Quote:
Originally Posted by indianaV8
Well post your proposals. We've made available such db with about 10^9 hands. AFAIU spadebidder is going to run allin samples against it.
Here's an EXPERIMENT.
1. Take N hands where exactly two players went all-in pre-flop, and exactly one player won (so exclude ties).
2. For each hand calculate FLOP equity, conditioned on no tie, for both players (will show how to do conditioning if needed, but very easy)
3. For each hand, keep only the equity that is >= 0.50 (if 0.50 pick whatever)
4. For each hand, note whether the player with equity >= 0.50 was the ultimate winner or not.
5. Now, consider equity intervals
[0.505,0.515) , [0.515,0.525) , ... , [0.985,0.995)
6. For each equity interval:
a. count the number of hands that fall in the interval (denote the count by TRIALS).
b. count the number of instances where the player ultimately won (denote the count by SUCCESSES)
7. For each equity interval, let MID denote its midpoint.
8. For each equity interval, calculate the quantity
EXPECTED SUCCESSES := MID * TRIALS
9. For each equity interval, calculate the quantity
DIFFERENCE := SUCCESSES - EXPECTED SUCCESSES
10. For each equity interval, calculate the quantity
STANDARD DEVIATION := sqrt( TRIALS * MID * [1 - MID] )
11. For each equity interval, calculate the quantity
OBSERVED DEVIATION := DIFFERENCE / STANDARD DEVIATION
12. Construct the following table: TABLE 1 (some hypothetical numbers inserted to facilitate description)
MID | OBSERVED DEVIATION
----------------------------------
0.51 | -0.3
0.52 | 1.2
0.53 | 0.1
...... | .....
...... | .....
...... | .....
0.99 | 1.2
----------------------------------
13. Plot TABLE 1. Call the result PLOT 1.
Now, PLOT 1 will be interesting in and by itself. But i'd like to take this a step further. Specifically:
Repeat EXPERIMENT but with the five community cards permuted.
For definiteness, let's say, repeat EXPERIMENT but with community cards reading in reverse order. This results in a graph, call it PLOT 2.
Note PLOT 1 and PLOT 2 should look pretty much the same, provided the sample is large enough (i.e. N is large enough)
I can explain further if needed.
Here are note on/rationale behind EXPERIMENT:
1. EXPERIMENT a basic summary statistics of sorts; so I think it has intrinsic value regardless of intentions behind it.
2. PLOT 1 is supposed to show whether people win as often as expected.
3. In EXPERIMENT, I take a shortcut in that I approximate each equity interval by its midpoint MID. I expect noise due to this to be minimal (one can easily obtain upper bounds on how much noise such an approximation produces, but it should be small).

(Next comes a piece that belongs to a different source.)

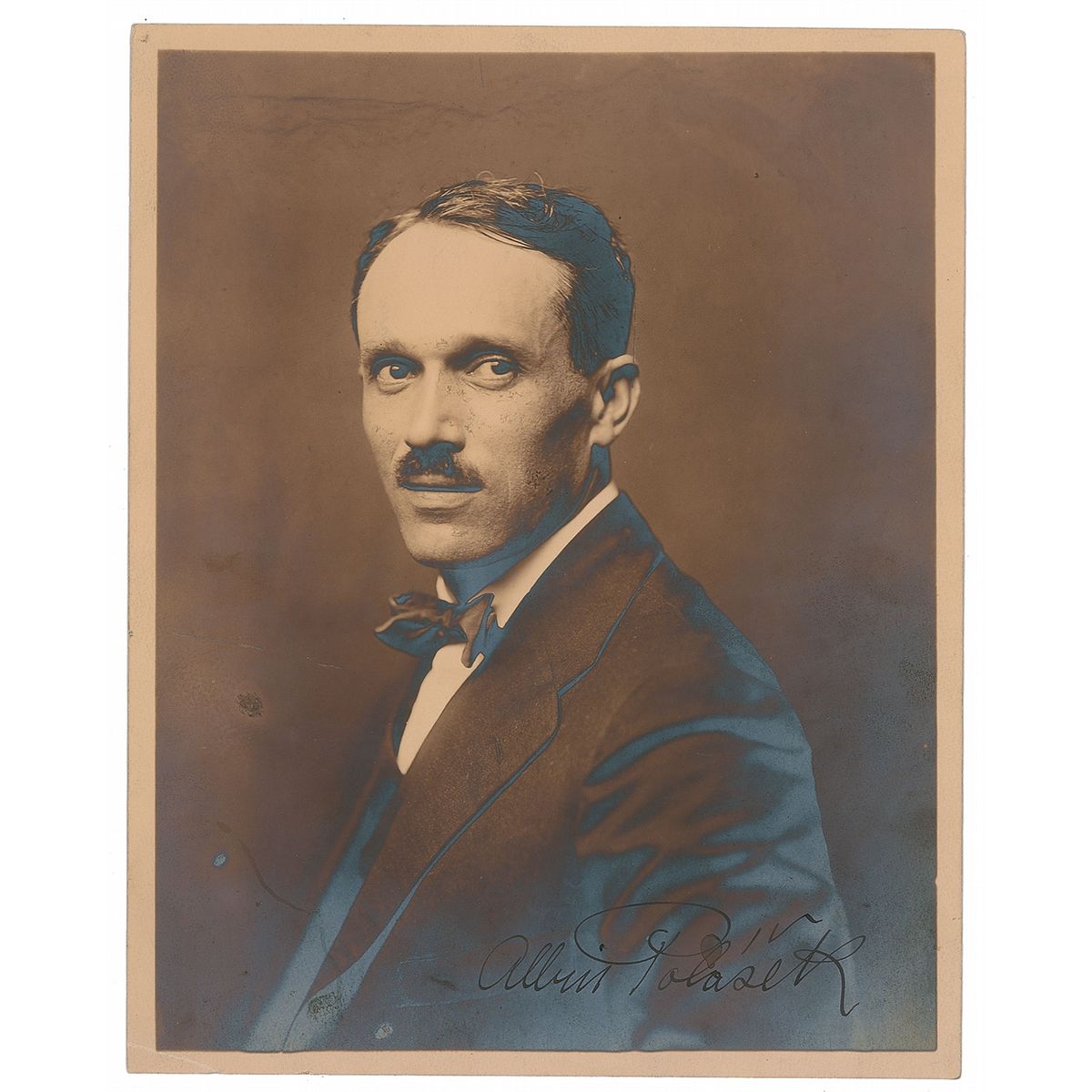 Czech-American sculptor and educator (1879–1965) who created more than four hundred works during his career. Matte-finish 7.5 x 9.5 portrait of Polasek in a suit and bow tie, signed at the bottom in fountain pen. In very good to fine condition, with noticeable silvering to dark areas of the image, a few surface spots and stains (one affecting a couple letters of his last name), and some light contrast to portions of the signature.

4. Due to the finiteness considerations, the spectrum of flop equities will be discrete. So, one has to be a little careful about how equity intervals are chosen. In general though, I don't expect this to be an obstacle.
5. Due to finiteness considerations (also if N is not large enough), it's possible some equity intervals may not contain enough sample points in them. Should such a situation arise, one may drop the interval entirely (and then make the obvious modifications to PLOT 1).
But in general, one should observe pretty good convergence to the underlying Bernoulli distribution with as little as 100 trials. So, if for ridiculous simplicity we assume hands are pretty uniformly distributed among equity bins, then something like N = 10^4 all-in hands would suffice.
6. Comparing PLOT 1 and PLOT 2 should help reveal whether there's some structure to the order of community cards. Of course, since we're dealing with all in situations, such a structure does not impact final results, but, should it exist, it rises to proof-level that the deal is manipulated.
7. In step 1 of EXPERIMENT, I asked for hands to be all-in preflop. However, since EXPERIMENT only makes use of FLOP equities, hands going all-in on flop could also be included. But for the sake of uniformity/homogeneity in dataset, and also to allow for the production of PLOT 2, I'd like to exclude such hands.
/of notes.
One comment, the experiment is actually much easier to carry out than what may be suggested by its lengthy description/notes. One can do many variations on it. For example, one may restrict to all in situations where pot size is at least blah blah big blinds. One can look at different permutations of community cards, other than that of reverse order....etc.